The new attack is easier to conduct than the original POODLE exploit, with fewer steps and far fewer transactions required for attackers to guess the content of encrypted payloads.

Testing by security vendor Qualys SSL Labs site showed that attacking web browsers through the flaw required just 256 requests to uncover one cookie character, and 4096 attempts for a 16-character cookie.

The SSL server test run by Qualys shows that several high profile sites - including the Australian Tax Office and the MyGov portal - are vulnerable to the POODLE attack.

Two of National Australia Bank's servers also test as vulnerable against POODLE, as does the main Westpac website.

iTnews has contacted the ATO, NAB, and Westpac for comment.

A CommBank spokesperson said the bank had patched a vulnerable server overnight after learning of the flaw.

[Update 10/12/14 5:20pm] A spokesperson for the ATO also said the organisation had already addressed the issue.

"The POODLE/TLS vulnerability cannot be used to gain entry into the ATO environment. The ATO was made aware of the vulnerability on 8th December when the initial notice was released and are rectifying it.
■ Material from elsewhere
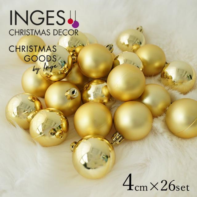 クリスマスツリー 飾り オーナメントボールセット ドイツ INGE-GLAS GOODS レトロ ゴールド デコレーションボール 4cm 26個入[81223G001]

This work is being treated as high priority," she said.

[Update 11/12/14 2:20pm] A spokesperson for Westpac said: "Westpac is aware of this issue and we take Online Banking security very seriously. We continue to provide up to date security advice to customers through the Security section of our website." 

Qualys' director of application security Ivan Ristic said the comparatively low number of requests meant that the new POODLE attack was "quite practical."

Furthermore, he said attackers no longer needed to cause connection failures and force browsers to retry connections to older protocol versions like SSL3 because the exploit exists in TLS 1.2.